The modern fuel injected system is far superior. I am a fan of tried trued systems like the Honda PGFI system. This was perfected on the track in the 80's then put into production. When I see all the struggles with KTM, #1 I am disappointed as I would love a reliable FI dualsport and #2 there is a lack of quality training and programs for technicians in today's apprenticeship system that usually means there is a lack of expertise in dealing with these systems at the dealer level when problems arise. I know I am up to my neck in this issue.
Businesses are leery of spending money on the training of mechanics as they tend to take the training and then leave their employer to chase dollars or start their own shop. The opposite was true during my three apprenticeships. So if one is to buy a problematic complex bike one needs to confirm there will be someone who is trained and experienced to keep the machine in service and on the road.
There are a few good guys around but they as I have stated before are far smarter than me and tend to stay out of these forums where it is very easy to upset people and alienate potential customers.
Any back yard KTM owner who wishes to conduct maintenance/rpairs should not forget the basics as well as the new tools of the trade which I find not many know how to properly employ in diagnostics.
I rode 15000 km on the CB500X and it did not skip a beat so there are motorcycles with good solid systems and when I find one that matches the KLR reliability/off road capability I will buy it. I am not technologically averse and as stated previously every morning I put on coveralls and pick up work orders that state all kinds of maladies so when I come home I really do not want to have to fuss with problematic "garage queens"

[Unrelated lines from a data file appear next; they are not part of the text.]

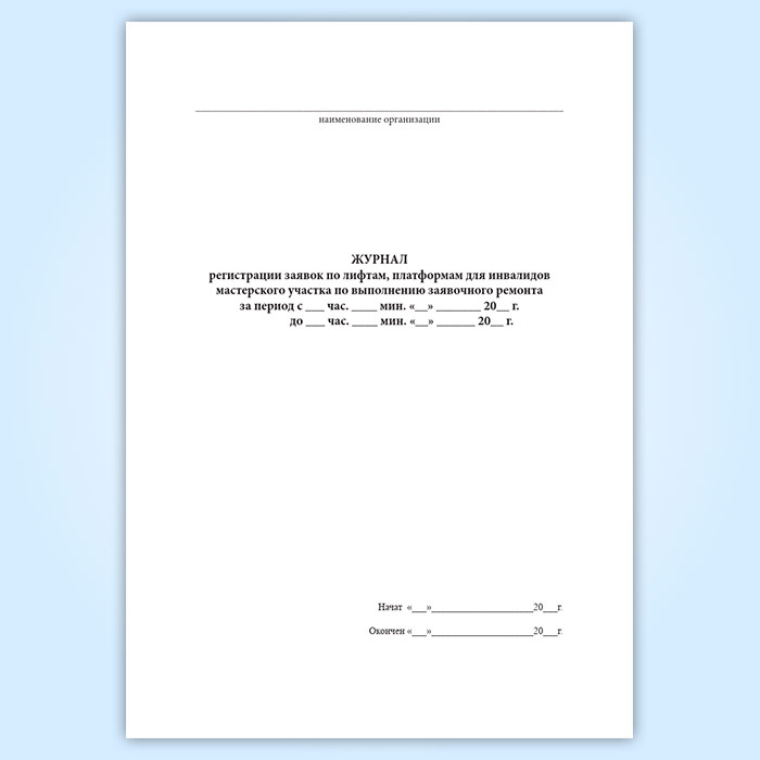 Журнал регистрации заявок по лифтам, платформам для инвалидов мастерского участка по выполнению заявочного ремонта в Сочи купить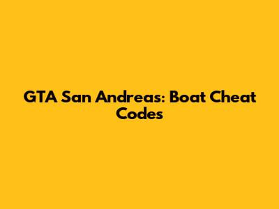 GTA San Andreas: Boat Cheat Codes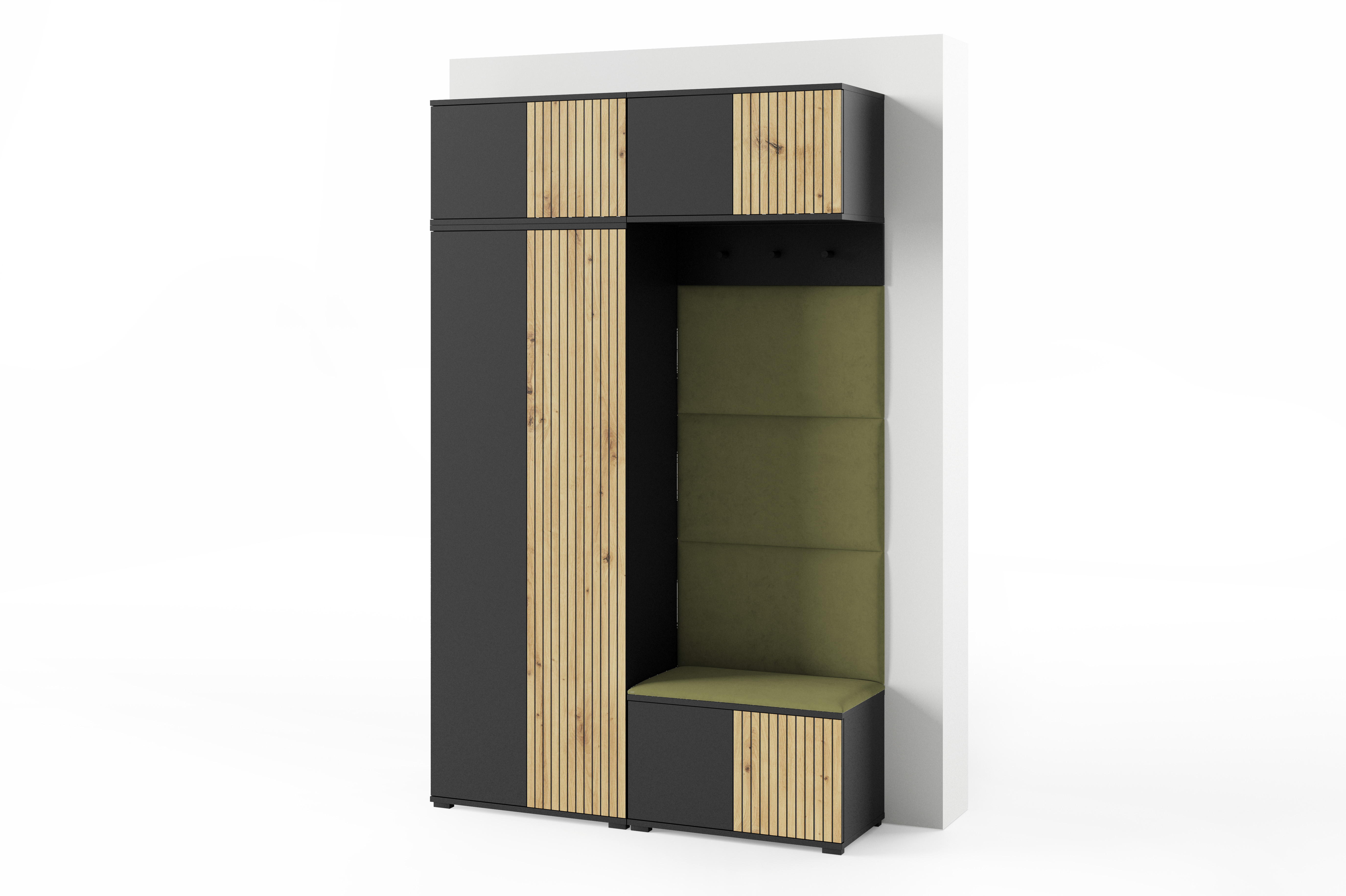 Eka Předsíňová stěna s čalouněnými panely Joey 3 - Černá a Dub Artisan / Khaki zelená 2327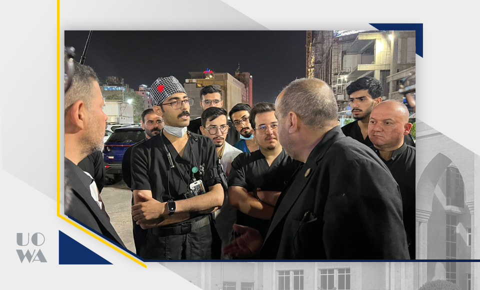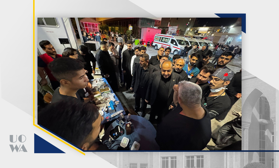 The President of Warith al-Anbiya University (peace be upon him), Professor Ibrahim Saeed al-Hayawi, accompanied by the Dean of the College of Medicine, Professor Ali al-Ghazi, conducted a field tour to inspect the medical detachments participating in providing health services to visitors of Imam Hussein (peace be upon him) during the Ashura ceremonies. The tour included an inspection of the workflow of the field detachments in which medical students participate, and an assessment of their readiness to deal with emergency situations and provide first aid. This reflects an aspect of the practical field training that the university is keen to provide for its students.
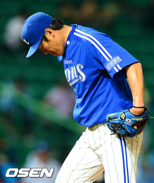 8일 오후 인천 문학구장에서 열린 '2012 팔도 프로야구' SK 와이번스와 삼성 라이온즈의 경기에서 5회말 2사 주자 만루가 되자 삼성 선발 정현욱이 고개를 떨구고 있다.

My guess is fuel starvation - I have a 2012, this summer got stranded in 70 mile due to clogged fuel pick-up strainer. I cleaned pic-up, replaced/relocated the fuel filter to outside the tank, replaced fuel pump w CA cycleworks pump. Bike ran fine for a week then had same starvation issues again - now it was the tiny top hat filter in the injector now that was clogged. I chucked top hat filter in garbage and back pressure cleaned out the injector (as per RTW Noahs youtube video via ADVrider) and has been running like a champ ever since. I also have order a tea bag filter from Pro-fil in Aus to replace pick up strainer.

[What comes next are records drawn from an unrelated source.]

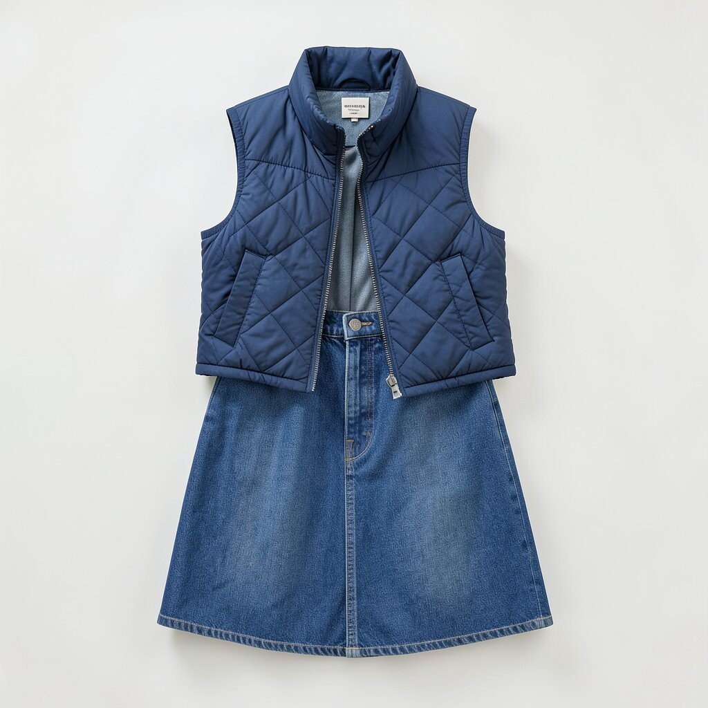 A quilted vest adds a sporty touch to your denim skirt look. It’s a great way to add warmth without being too bulky.
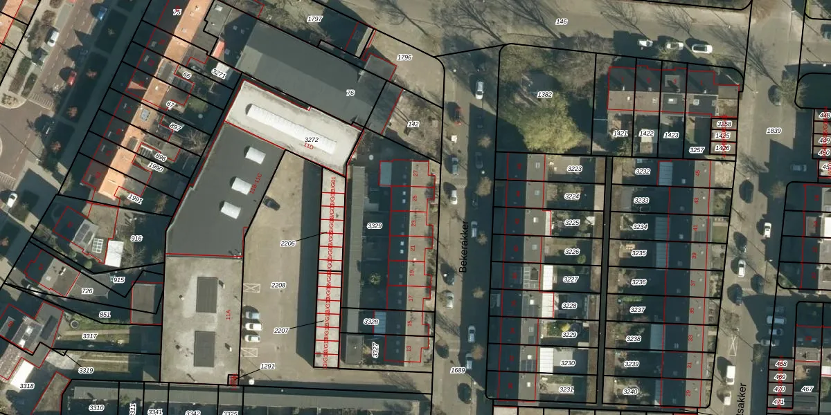 Het perceel waarop Bekerakker 25 staat heeft een oppervlakte van 890 m². Dit is een groot perceel. De perceeloppervlakte wordt geregistreerd door het Kadaster. Gedetailleerde informatie over de maten van dit perceel kunt u vinden in het rapport Kadastrale kaart met maatvoering van Bekerakker 25.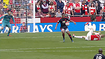 等待对方出脚停球的那一刻,果断出脚破坏。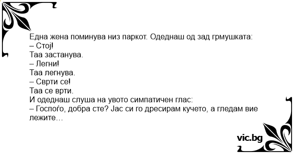 – Госпоѓо, добра сте? Јас си го дресирам кучето, а гледам вие лежите…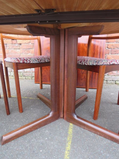 A MID 20TH CENTURY DANISH NIELS O. MOLLER FOR GUDME MOBELFABRIK CIRCULAR DINING TABLE AND EIGHT CHAIRS, the table with crossbanding to the edges extending with two additional leaves, stamped to the underside, table H 70 cm, Dia. 122 cm, extended L 220 cm

I have never used a oscilloscope to troubleshoot a fuel pump. How will a electrically sound pump with mechanical issues (worn impellers, weak relief, clogged suction screen etc?) show a different wave form? This is what I was thinking with the amp draw question.
Could it be the that the THAD and APAD reference values given for the 690R in post KTM 690 EFI 2008 - 2013 : Idiots Guide are incorrect? Even the 08-10 690E values given there are inconsistent with the 2009 repair manual, which seems to state same values for all 2009 690s models (E & R):
1: Throttle Position Sensor closed: 0.5-0.54V
2: TPS open: 0.7-0.74V
3: Throttle Grip Sensor OPEN: 0.7-0.74V
There is no mention of closing the butterfly valve manually for the TGS reading, as specified "Throttle grip sensor CLOSED 0.70-0.74v APAD" in the Idiots Guide. This would explain your error codes and poor running engine, as sensor readings are outside of ECU expected ranges.
That being said, I am facing similar issues and have not managed to sort them yet...
If you fixed the issue, I'd be curious about the solution since it seems we have taken the same troubleshooting steps this far.